The bill addresses the extension of industrial manslaughter laws to the mining and quarrying, oil and gas and explosives sectors. However, the bill also contains a number of additional significant structural changes to the operation of resources law in Queensland. The most substantial and relevant of these additional changes focus on:
Increasing the State's assurance of holders performing their rehabilitation liabilities, e.g.
- New transfer and change of control ministerial powers – more potentially sensitive information, transaction types and Ministerial conditioning powers are proposed in assessments of whether holders are suitably capable and responsible
- New and broader disqualification criteria for applicants – creating additional due diligence risk for both sellers and buyers in M&A transactions
- New development planning requirements for prescribed minerals mining leases – increasing the State's information and oversight of these mines particularly in relation to care & maintenance
Seeking to improve the efficiency of regulatory processes, e.g.

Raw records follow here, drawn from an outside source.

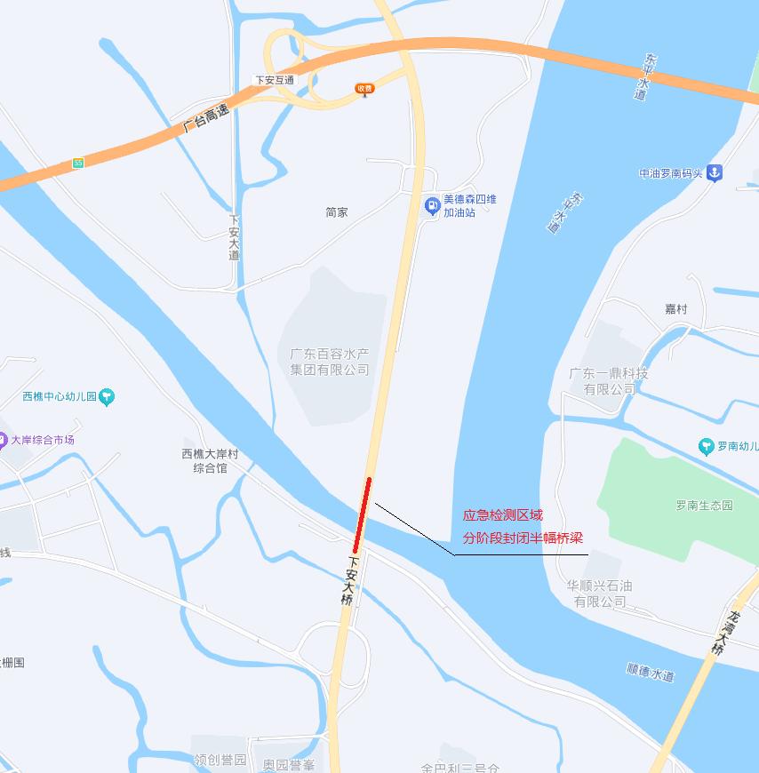 为了保证桥梁的安全,管理单位需要对G359佛富线下安大桥进行紧急检查,计划在1月8日晚22:00至次日6:00将西樵半桥关闭到丹灶,1月9日晚22:00至次日6:00将丹灶关闭到西樵半桥。>>详情:南海西樵
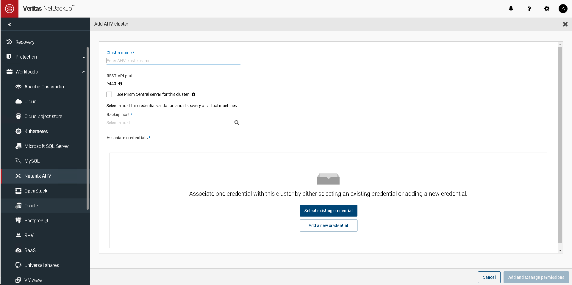 • Specify Nutanix Cluster IP, Specify Backup host and add a new credential.
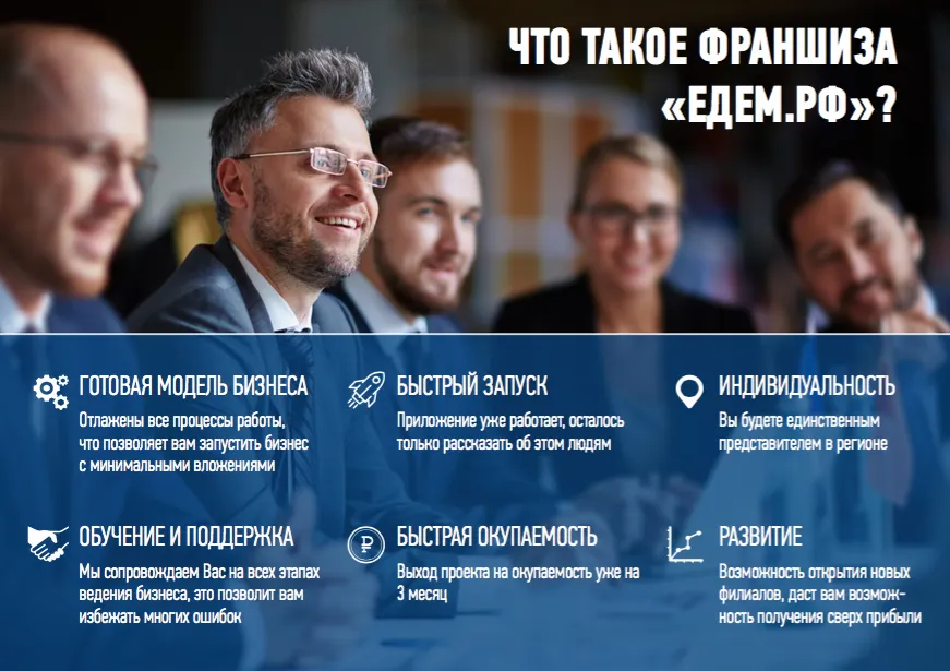 Франшиза Едем.РФ предлагает предпринимателям возможность стать частью успешной транспортной сети 🚏. Партнеры получают доступ к проверенной бизнес-модели, маркетинговой поддержке и IT-инфраструктуре для управления перевозками 🖥пёЏ. Франшиза подходит как для начинающих, так и для опытных предпринимателей, которые хотят развивать свой бизнес в транспортной сфере 🚎. Вложения относительно небольшие, а окупаемость — быстрая, благодаря налаженному потоку клиентов и узнаваемости бренда 🔝.
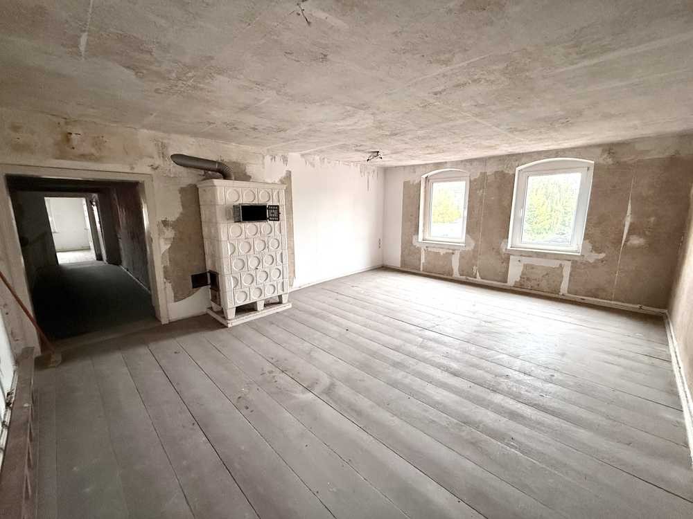 Es umfasst zwei Wohneinheiten, ca. 231 m² Gewerbefläche sowie zusätzliche Nutzfläche im Keller, Dachboden und in einer großen Scheune mit eigenem Keller. Zwar besteht Sanierungsbedarf – vor allem durch Dachschäden –, doch der Dachstuhl ist laut Fachbegutachtung intakt.
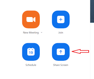 On your laptop, launch the Zoom application and login to your account in Zoom. From the Zoom application, click on the "Share Screen" Icon
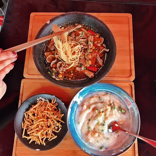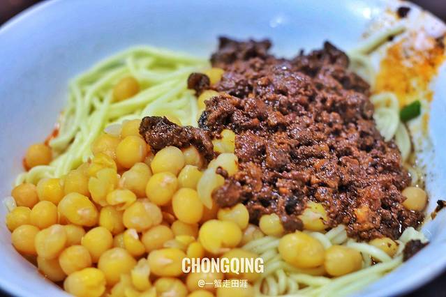 这家店在 重庆 开了好多家了,在我住的楼下就有一家,应该算是老字号了,很有年头了,豌杂面也是朋友推荐我一定要尝试的,瘦肉臊子加上黄色的豌豆,调好的酱料在碗底,还有几根空心菜,看上去搭配还蛮奇怪的,但是搅拌均匀后,入口的那一刻好吃哭了。
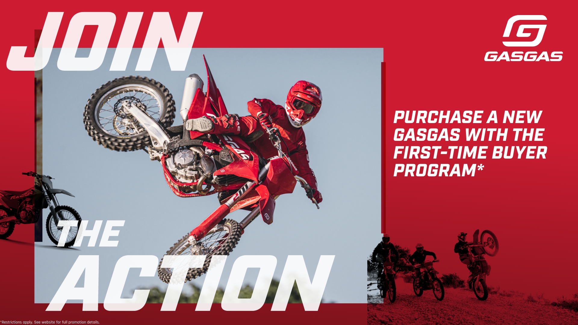 *Terms and Conditions: : Offer applies to new, untitled and unregistered 2024 GASGAS TXT RACING (250 / 300), TRAILS GP (250 / 300), MC-E (3 / 5), MC (50 / 65 / 85 (17/14 & 19/16) / 125 / 250 / 250F / 350F / 450F / 450F Factory Edition), EX (250 / 300 / 250F / 350F / 450F), EC (250), ES (350 / 500 / 700) and SM 700 model motorcycles. Financing offer available through Santander Consumer Bank “Santander”. Where no money down is indicated, it is available only to those well-qualified applicants with approved credit. Annual Percentage Rates (APR) of 0.99% for up to 60 months, and no down payment offers available to qualified applicants only. Santander requires a minimum financing amount of $1,500. Not all buyers will qualify and if approved may receive a higher rate and higher payment, depending on credit score. Some buyers will require a higher down payment in order to receive credit approval. Other charges may apply. Subject to model availability and dealer participation. Subject to credit approval by Santander, not all applicants will qualify. Santander maintains the right to charge back all costs of financing should a retail promotion and a financing offer be selected when the 2 cannot be combined (as defined in the retail program). Financing offer can change or be cancelled at any time. Offer valid January 1, 2026, through March 31, 2026. This offer cannot be combined with any other offers. Finance offer valid through authorized GASGAS dealers only. See local authorized dealer for details.
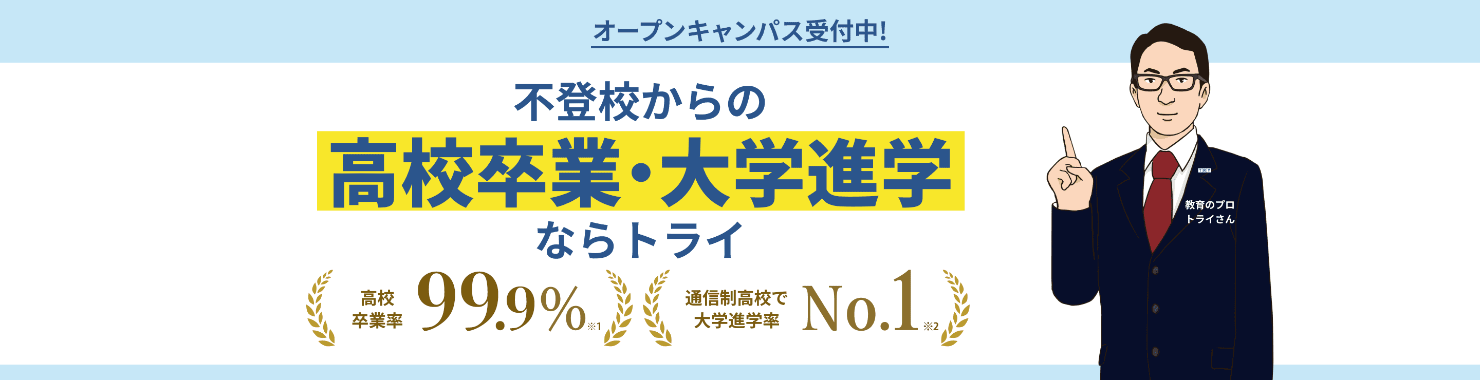 ※1:卒業対象者のうち、退学者を除いた割合。 2025/3トライグループ調べ ※2:大学進学率とは、進路決定者のうちの大学・短大・専門職大学に合格した者において。在籍生徒数3,500名以上の通信制高校・サポート校において進学率全国1位。2023/3/23 産経メディックス調べ。トライ式高等学院は通信制高校サポート校です。 ※3: 大学進学率とは、特進科所属の進路決定者のうち、大学・短大・専門職大学に合格した者において。2025年トライグループ調べ

- New agreement and dispute resolution framework for certain overlapping resource applications – this now includes a forced arbitration process to enable 'agreed' co-ordination plans to be in place within nine months of grant
- Allowing competitive tenders for a direct mining lease grant in special circumstances – allowing more efficient use of the States resources
- Counting granted petroleum lease areas towards authority to prospect relinquishment obligations – bringing petroleum authorities in line with mineral authorities
The 255 page bill amends 14 Acts and two Regulations. Below is a summary and commentary on the most substantial structural changes to the legislation that are proposed in MEROLA other than the industrial manslaughter provisions.
Find out more about the industrial manslaughter provisions in MEROLA.
Increasing the State's assurance regarding rehabilitation liabilities
Tightened grip on transfers and changes in control + new disqualification criteria for applicants and transferees
A number of amendments are designed to reduce the risk to the State for transfers (or changes of control) of resource authorities – including mining, petroleum, geothermal and greenhouse gas authorities.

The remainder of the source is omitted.